The entire premise behind DragonFly was wrong. FreeBSD predicted correctly future hardware trends with 5.x and it is bearing great fruit with FreeBSD 8 and 9.
FreeBSD 9 will parallel Linux in terms of scalability: NUMA, multi-core granularity, advanced scheduling.
Meanwhile, FreeBSD also has stable and current ZFS support.
HAMMER seemed interesting in theory but grandiose for such a small developer community and userbase. Now Dillon admits that the design was flawed and proposes and even more grandiose filesystem with even more shit that really needs to be in userland for any hope of sanity.
All I see is an unnecessary fork, a lack of resources, and struggle for relevance. Thanks but no thanks.
Im not asking to disagree, im just curious about the nature of their choices.
If you're interested in reading a paper about the execution model, Jeffrey Hsu's 2004 "The DragonFlyBSD Operating System" (http://www.dragonflybsd.org/presentations/dragonflybsd.asiab...) describes the LWKT and port abstractions.

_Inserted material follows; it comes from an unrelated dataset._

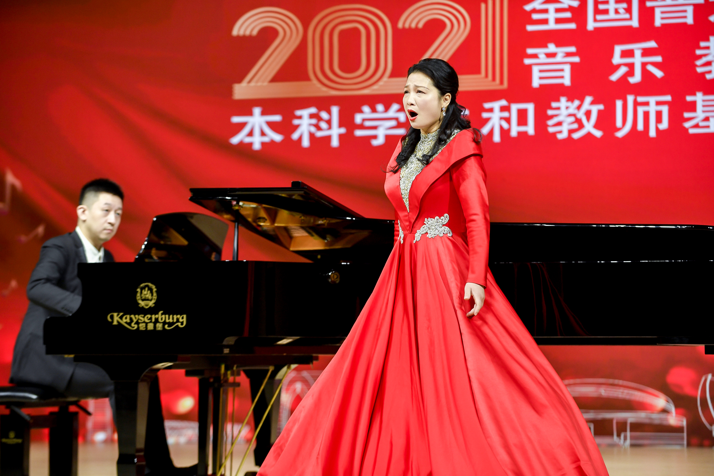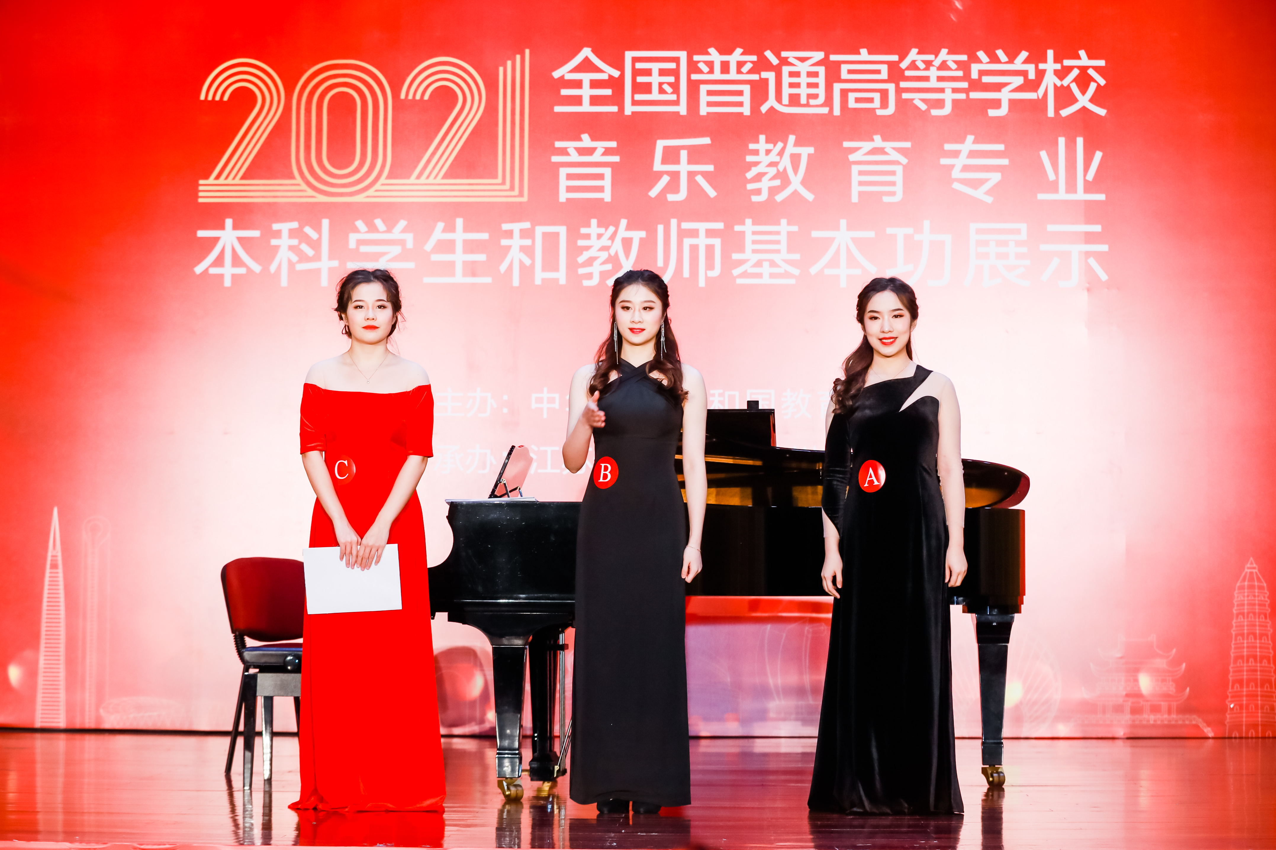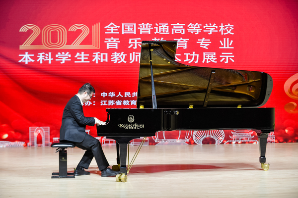 全國(guó)普通高等學(xué)校音樂(lè)教育專(zhuān)業(yè)本科學(xué)生和教師基本功展示活動(dòng)由教育部主辦,每?jī)赡昱e辦一屆,是國(guó)內(nèi)音樂(lè)教育專(zhuān)業(yè)最高規(guī)格的國(guó)家級(jí)賽事。本屆展示活動(dòng)由江蘇省教育廳和蘇州大學(xué)承辦,共有來(lái)自全國(guó)31個(gè)?。ㄊ小^(qū))和新疆生產(chǎn)建設(shè)兵團(tuán)的77所高校225位教師、65所高校195位學(xué)生參賽。自2021年8月確定參展學(xué)生名單后,音樂(lè)教育學(xué)院堅(jiān)持點(diǎn)面結(jié)合,組織指導(dǎo)教師和參賽學(xué)生進(jìn)行賽前集訓(xùn),積極投入到各參展項(xiàng)目的準(zhǔn)備當(dāng)中,最終不負(fù)眾望取得佳績(jī),充分展現(xiàn)了師生堅(jiān)實(shí)的專(zhuān)業(yè)功底和良好的綜合素養(yǎng)。

The DragonFly network stack is a pretty interesting subsystem to understand the SMP model through; it uses a form of connection-oriented parallelism rather than fine-grained locks. The same approach was taken by Solaris in their FireEngine system (they call it 'vertical partitioning'). References that would be interesting to look at to understand how the netstack works, "An Evaluation of Network Stack Parallelization Strategies
in Modern Operating Systems", along with the second part of the earlier paper. FreeBSD chose to build a fine-grain-locked netstack in a style the paper above called 'Message Parallelism'.
The DragonFly kernel memory allocator is another interesting subsystem to look at SMP design through. The kernel allocator (kmalloc) is a slab allocator, like most other kernel allocators. The DragonFly slab allocator differs from Bonwick's classic by using fixed size and fixed alignment slabs, so the traditional reverse-mapping hash table is not required; the slab headers are always at the slab ... head. The SMP strategy was not to put a per-CPU cache in front of each zone, however. The slab allocator itself was duplicated across each CPU (each slab for a given size is CPU-private). Remote frees were handled via passive IPIs (as described in the first paper). The only lock in the allocator is at the bottom, to allocate kernel address space and frames for slabs. Other systems (think Solaris, say) build per-CPU caches of objects in front of the allocator and lock the slab layer.
The pattern you might see is that DFly chose to replicate resources across each CPU in an SMP system where reasonable...
Throughout the rest of the kernel, Dfly uses a curious lock called a 'token'. A token lock is automatically released when a thread holding it stalls and is reacquired when it
becomes runnable; think of a token as a having the semantics of the older *BSD MPLOCK, but there can be more than one token, where there was one MPLOCK. Token locks can't deadlock (as sleep-and-hold is not possible; they do introduce a new class of error, though, where a lock "holder" slept, meaning earlier assumptions don't hold). They probably won't work as well as conventional mutexes when the token chains get larger than a few elements. Most importantly, they allowed the MPLOCK to be broken up very quickly, mostly over the 2.8 and 2.10 release cycles.
Don't know that there is too much other there to read about tokens; there might be something in the XNU kernel notes about 'funnels' (which have similar semantics).
I know FreeBSD is better than DragonFly in many, most areas, but certainly not when it comes to the file system.
Don't take another project's success as some sort of personal insult. You aren't helping DragonFly, FreeBSD, or even the idea of BSD operating systems in general.